[MATERIAL PROVIDED — start]

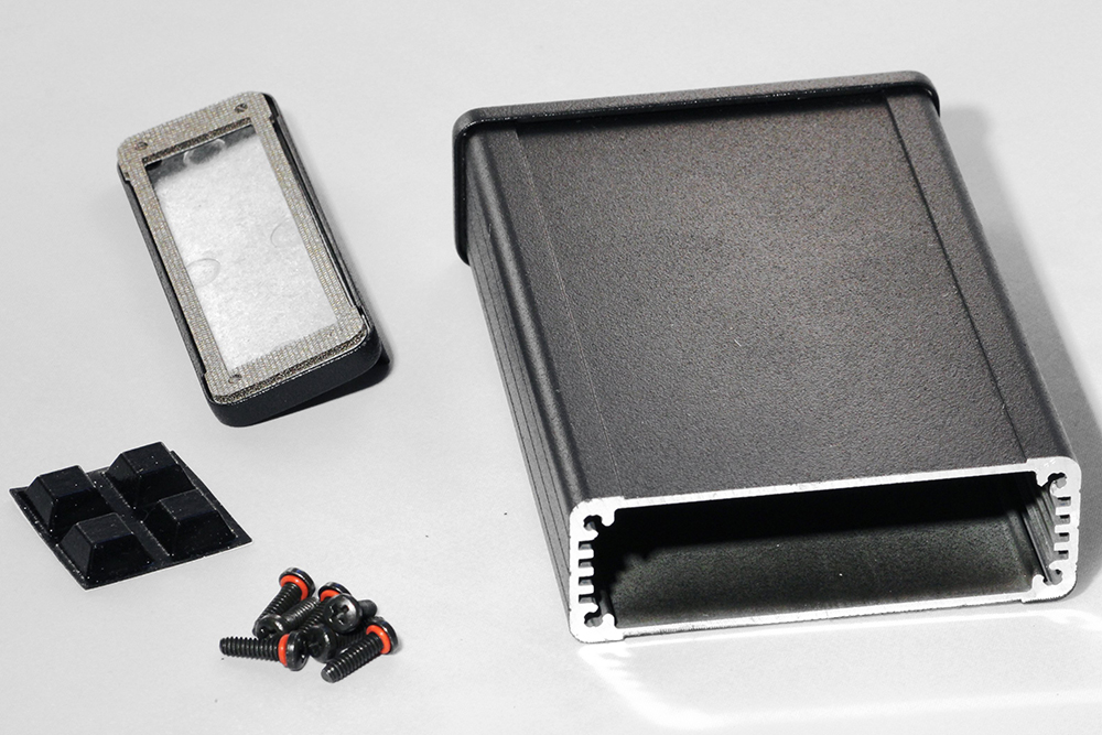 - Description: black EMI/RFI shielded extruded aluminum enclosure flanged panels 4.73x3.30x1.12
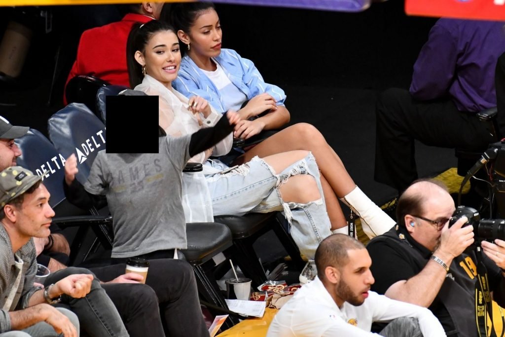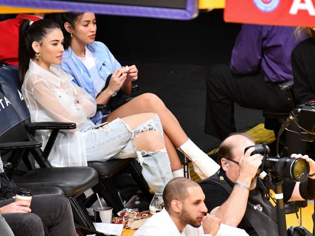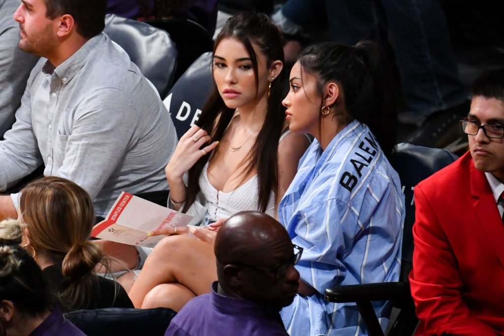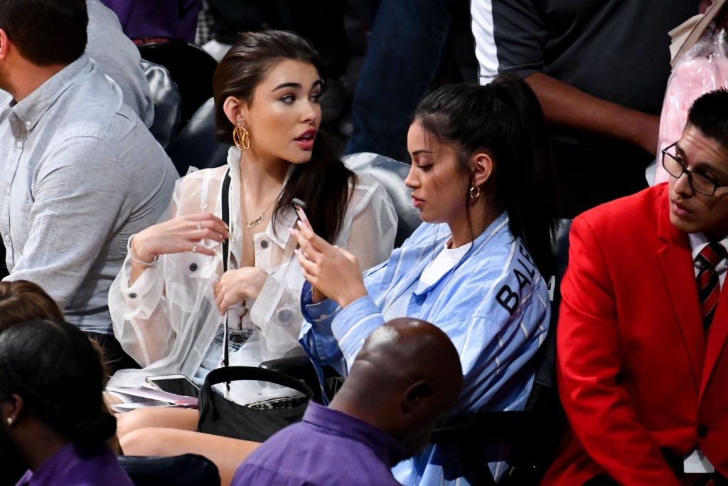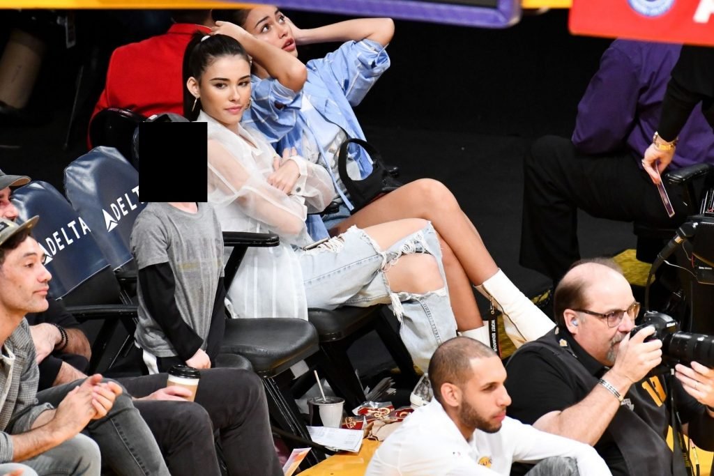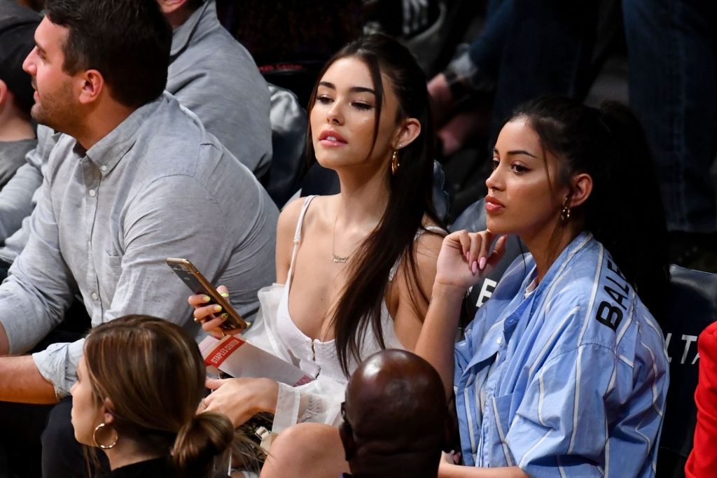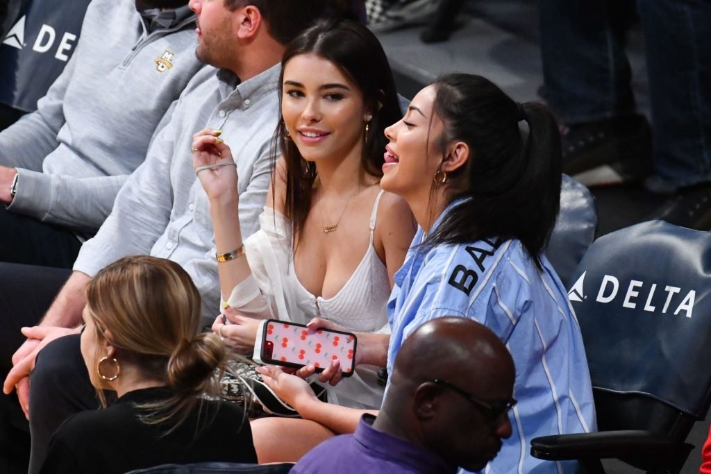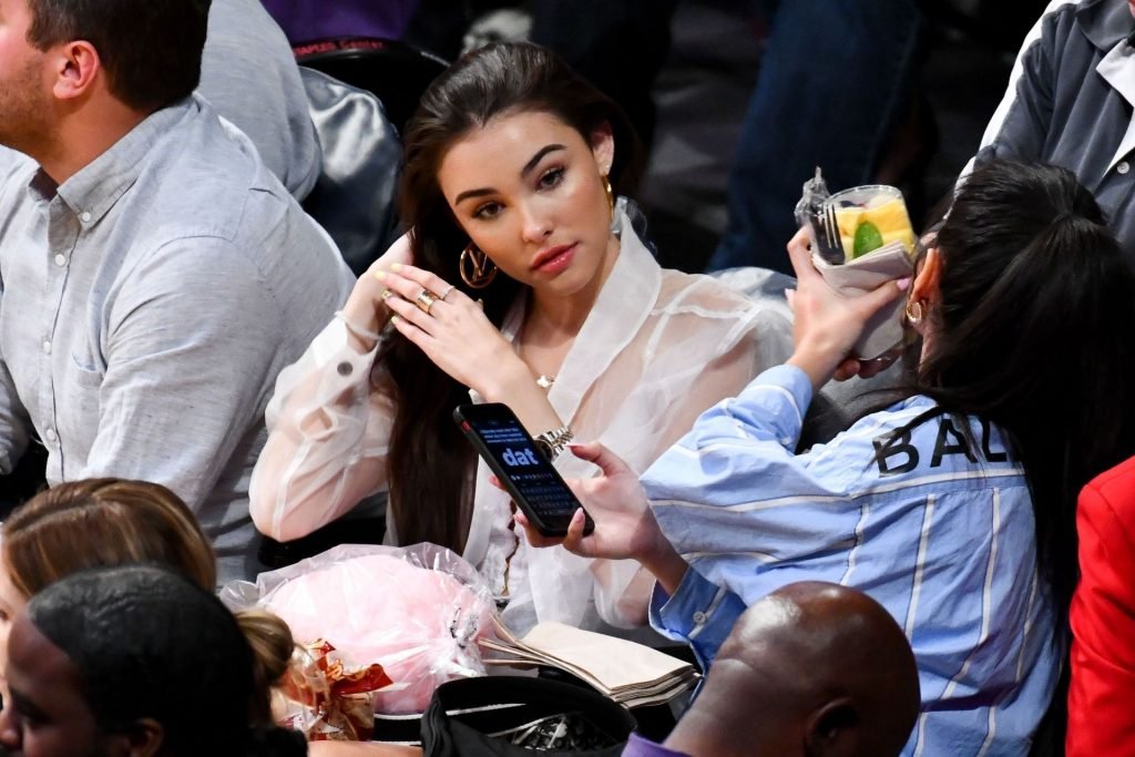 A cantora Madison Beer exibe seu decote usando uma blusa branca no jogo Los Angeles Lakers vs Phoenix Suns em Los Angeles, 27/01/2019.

[MATERIAL PROVIDED — finish]
[MATERIAL PROVIDED — start]

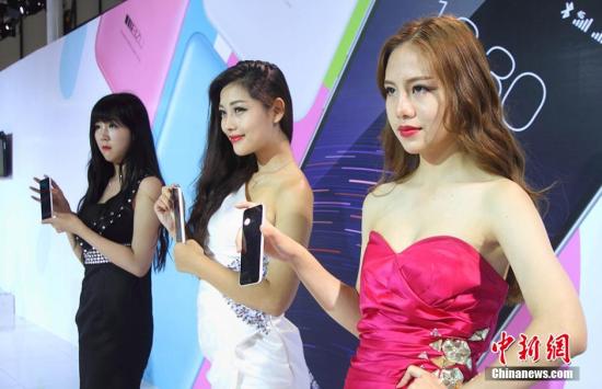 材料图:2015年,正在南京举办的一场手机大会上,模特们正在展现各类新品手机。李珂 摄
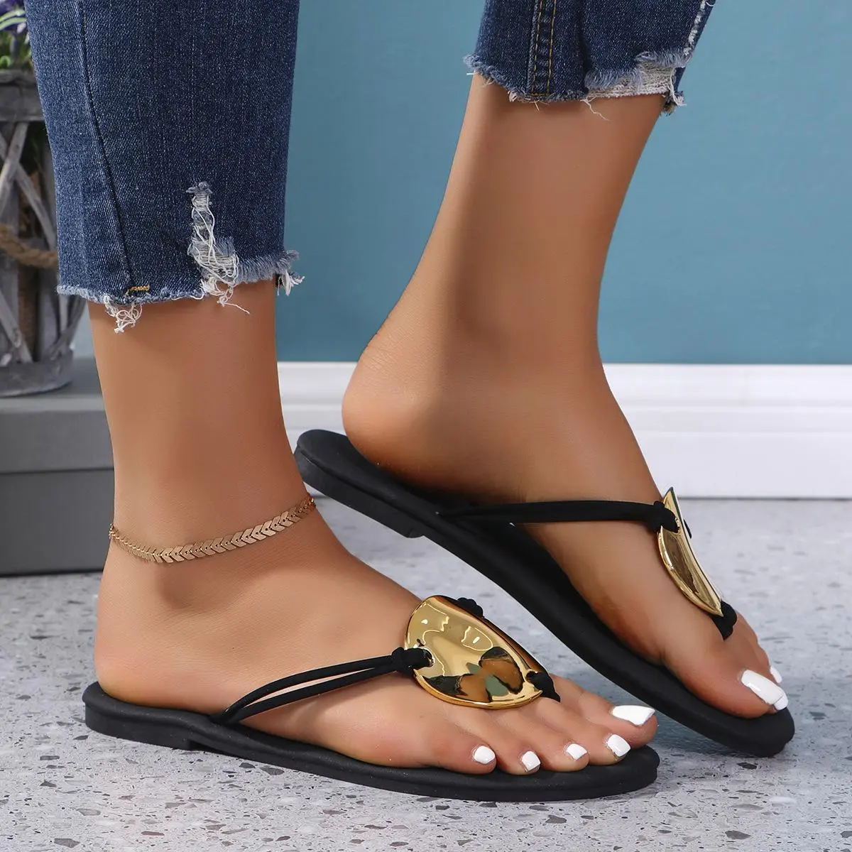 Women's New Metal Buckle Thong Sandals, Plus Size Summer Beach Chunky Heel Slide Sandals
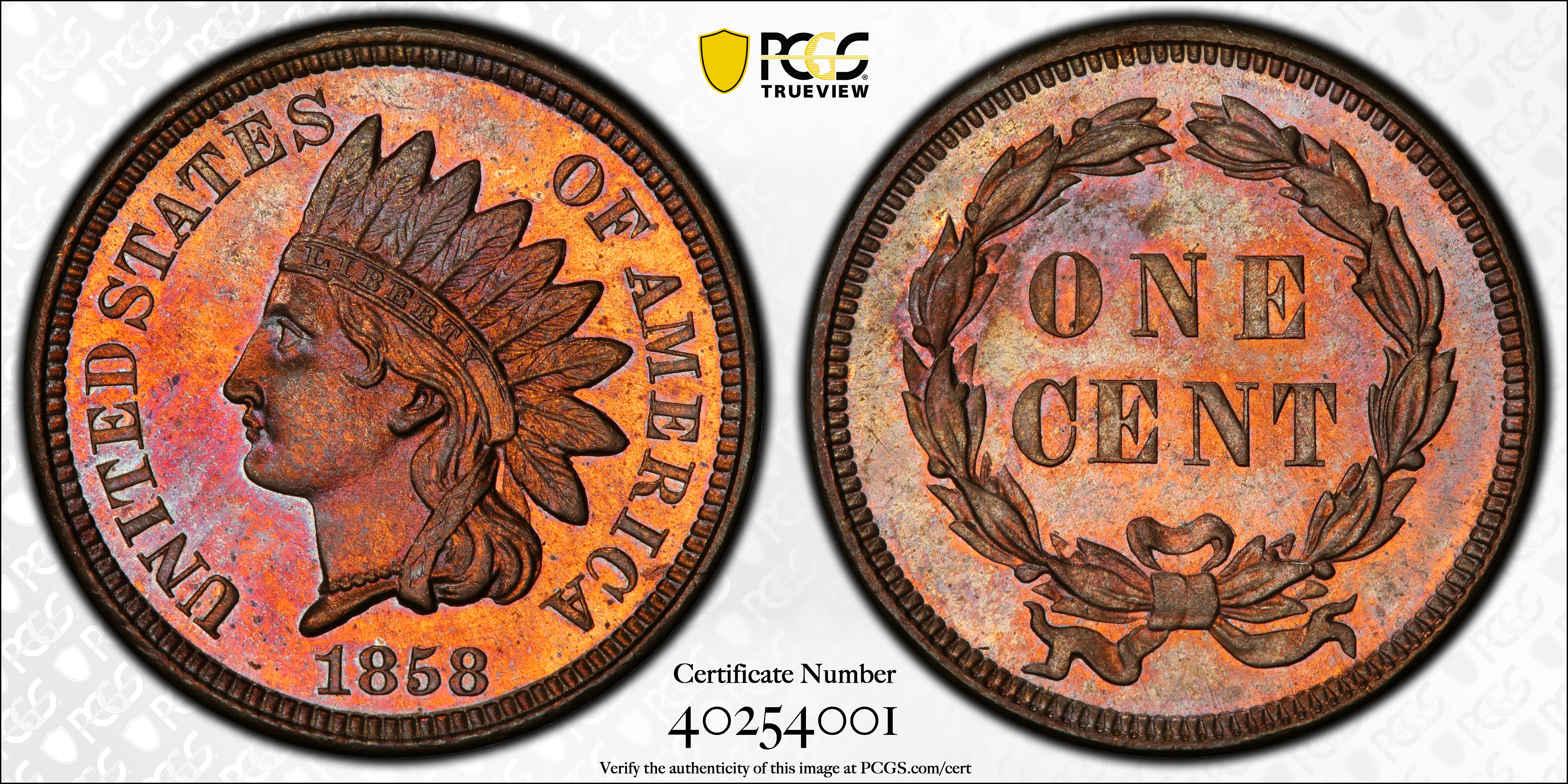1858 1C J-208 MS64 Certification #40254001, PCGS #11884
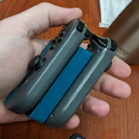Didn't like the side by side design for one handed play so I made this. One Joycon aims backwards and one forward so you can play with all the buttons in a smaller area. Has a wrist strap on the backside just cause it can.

[MATERIAL PROVIDED — finish]
[MATERIAL PROVIDED — start]

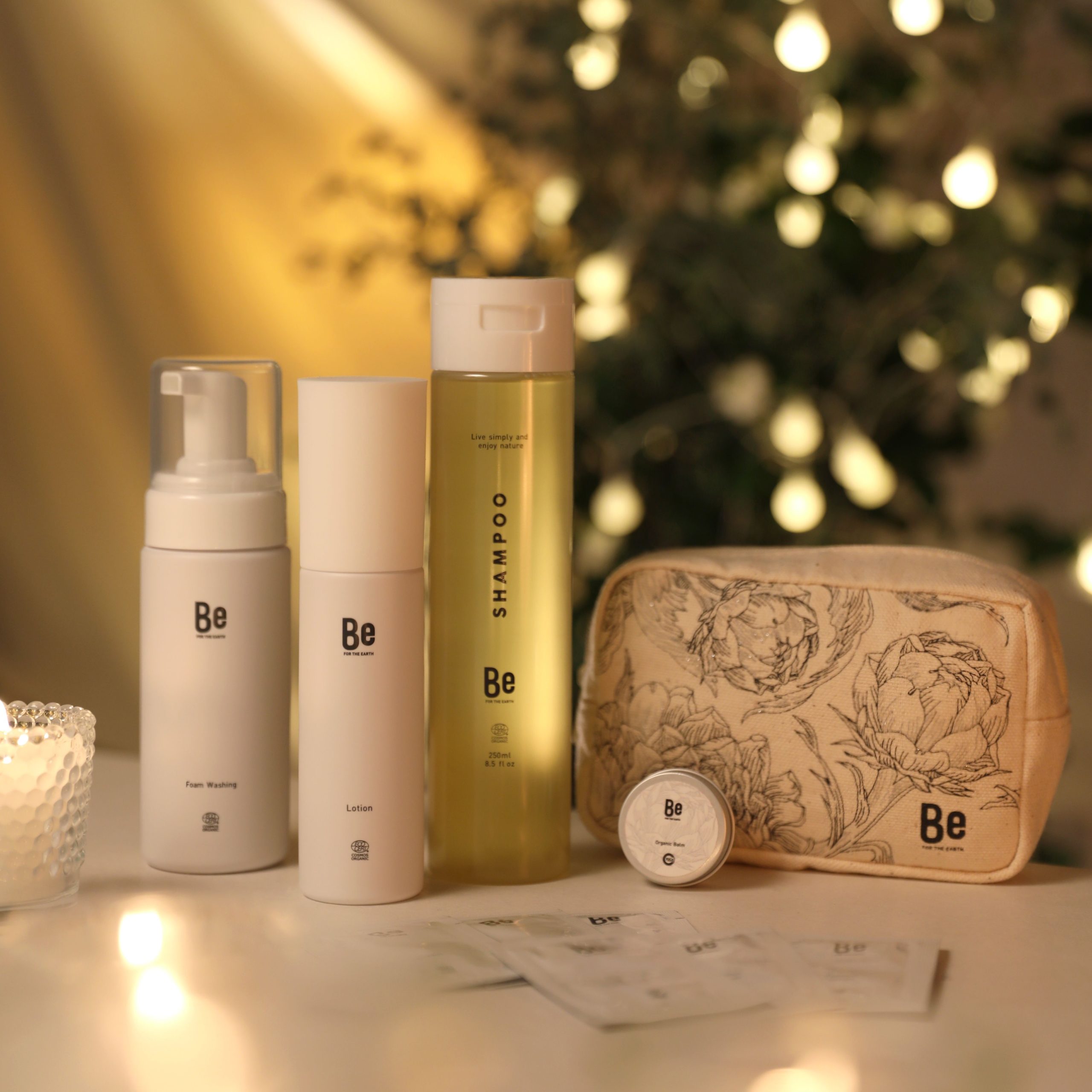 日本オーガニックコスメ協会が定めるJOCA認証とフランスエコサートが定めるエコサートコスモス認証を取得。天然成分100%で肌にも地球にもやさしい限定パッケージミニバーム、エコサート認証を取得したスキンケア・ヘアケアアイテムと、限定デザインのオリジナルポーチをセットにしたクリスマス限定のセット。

[MATERIAL PROVIDED — finish]

> _ASSIGNED TASK_
In the listing above, the required lines run from the line with "材料图:2015年,正在南京" through the line with "Didn't like the". Output exactly those lines, omitting pictures.

> _RESPONSE TO THE TASK_
 材料图:2015年,正在南京举办的一场手机大会上,模特们正在展现各类新品手机。李珂 摄
 Women's New Metal Buckle Thong Sandals, Plus Size Summer Beach Chunky Heel Slide Sandals
1858 1C J-208 MS64 Certification #40254001, PCGS #11884
Didn't like the side by side design for one handed play so I made this. One Joycon aims backwards and one forward so you can play with all the buttons in a smaller area. Has a wrist strap on the backside just cause it can.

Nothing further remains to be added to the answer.